Monday, January 16, 2012

Can I be queer here?

My mother came to visit New York for 3 days.

She stayed in my apartment. An apartment which I can now say, without a doubt, is big enough for exactly 1 person, the person that first person is dating, and maybe 3 other friends if they all want to come hang out and are bringing booze.

My apartment is not big enough for me and my mother.

There were many frustrating things about her visit, but the one I'll talk about here is that I hid things before she arrived.  Gay things.

I hid Season 1 of the L Word that I'm borrowing from a friend. I hid my copy of The Ethical Slut that I was given by a girl I dated for awhile and keep in the bathroom for light reading. I hid my "Can I be queer here?" bumper sticker that I keep pinned up on my bulletin board.  I hid my rainbow wrist band that I bought and wore proudly at my first Pride last summer.

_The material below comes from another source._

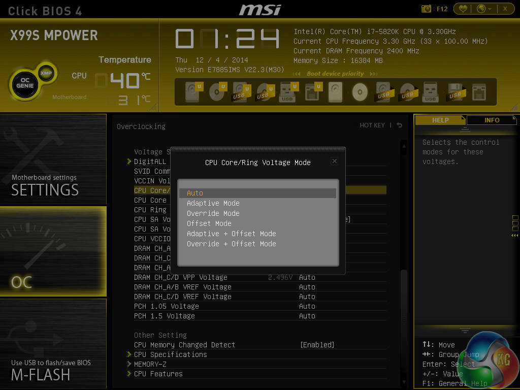 Particularly relevant for the overclocking-geared HEDT platform are the UEFI's power and voltage options. We are happy with the voltage adjustment options that MSI provides – they are going to be sufficient for pushing a chip when using ‘normal' 24/7 cooling, and provide enhanced options for use with extreme cooling.

I feel really sad that I hid things.  I shouldn't have to hide things.  Would she have even noticed? It's hard to say, really, since the rule in my family is "Don't say it," if the "it" in question might make anyone uncomfortable in the least. So, if she had seen my queer bumper sticker, she wouldn't have asked about it.  Wondered? Maybe. Asked? No.

Which probably would have hurt even more than whatever will actually happen when I come out to them.

Whenever that is...

1 comment:

  1. So glad you survived. No you shouldn't have to hide, but you need to come out to her in your own time and own way. You will get there.